Russia seeing 'surge' of investment from China

By definition a nuclear missile submarine is not an attack sub. "Nuclear submarine" always means nuclear powered and usually connotes armed, btw.

The Soviets outfitted a Zulu with a rather primitive ballistic missile (R-11FM, and then R-13), but at the time they were not nuclear tipped; this was perhaps mid 50s - it took a few years to have enough fissile material and designer warheads for the smaller missiles like R-13. Granted that it may have been 5 years before Polaris - sources, including Russian, conflict on first production and refit - I'm actually inclined to believe that first run was in '58. But there's no direct comparison possible. Remember that the Soviets didn't even have a megaton weapon until right about then, and it took them some time to get it into the R-13s.

Also, I don't think you can compare the lackluster R-13s (look at its service record and limitations) with something like the Polaris, it's a huge leap in technology. That said, R-13s was certainly indigenous - or at least, not borrowed from the Americans as much as Germans - and very much borrowed from the Germans. Also, keep in mind this is a very short range missile, on a short range submarine, that had to surface launch. Even before the Killian reforms the US had an IRBM almost 10x the range. And finally, the US had launched a (non-nuclear) V-1 from Cusk in 47 and Regulus (nuclear SLCM) in 1951. So...

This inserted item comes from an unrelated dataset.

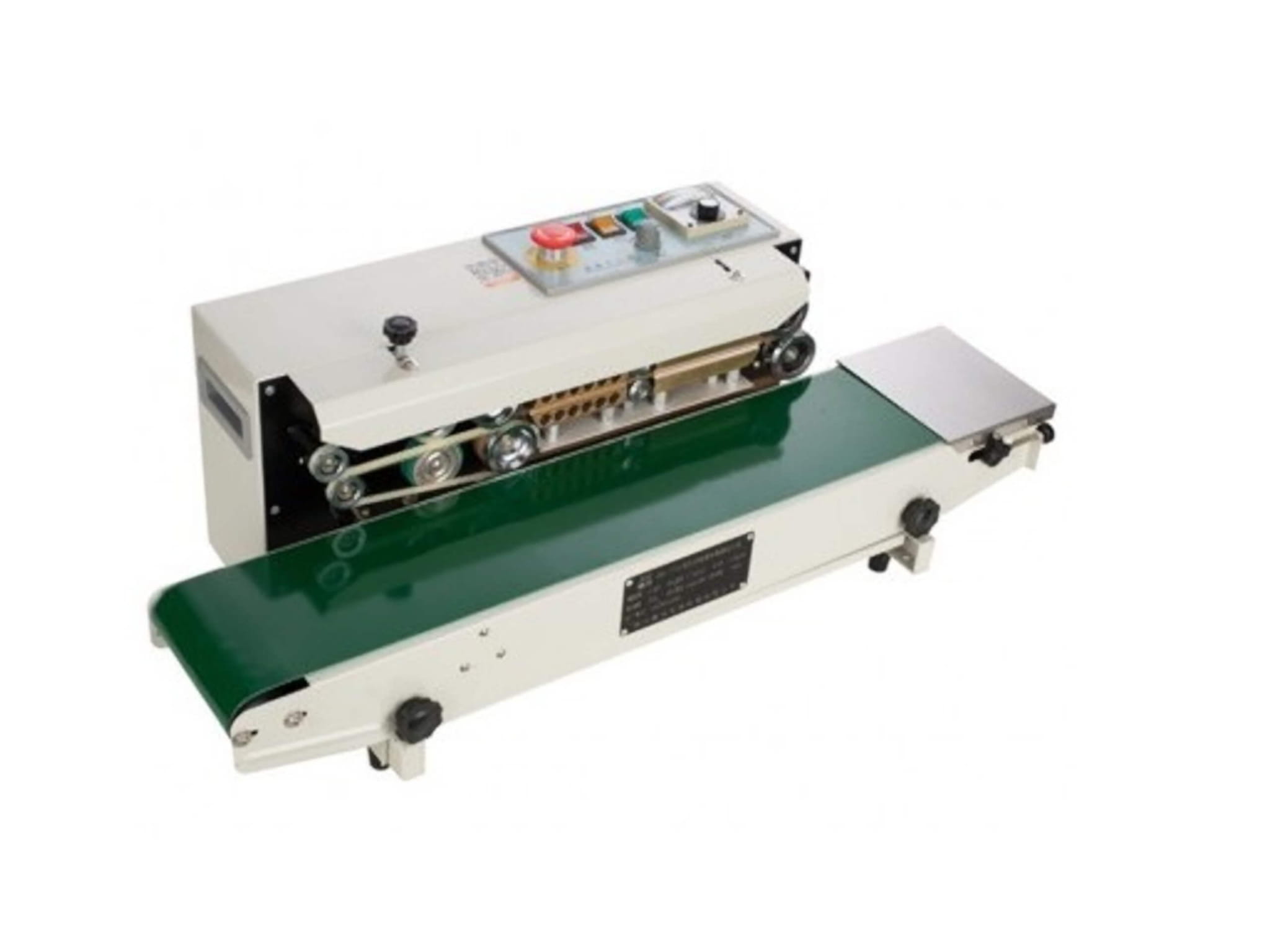 Urządzenie zgrzewające służące do zgrzewania produktów, które umieszczone są w workach na układzie transportującym na płasko. Torebki znajdujące się na pasie transportującym przesuwają się samoczynnie.

Now, about Soviet military tech reliance on outside sources:

Aluminum & copper tube manufacturing machines, aluminum plated metals and glasses from the US, germanium and valve springs from West Germany, precision instruments, calibrated steel valves, plastic sheeting, nickel wire and bronze alloys probably from Eastern German plants with Western technical assistance.

Check out Mendershausen on this.

More comprehensively, early Sutton is a good read before he was radicalized by his findings.

A juicy source:

U.S. Senate, Committee on the Judiciary, Export of Ball Bearing Machines to Russia, Hearings, 87th Congress, 1st session (Washington, 1961).

Also, take a look at A-12 and Golem 1. As wide-reaching as Paperclip was, the Russians got the best sites minus documents and about 2/3ds of the physical prototypes and specialists.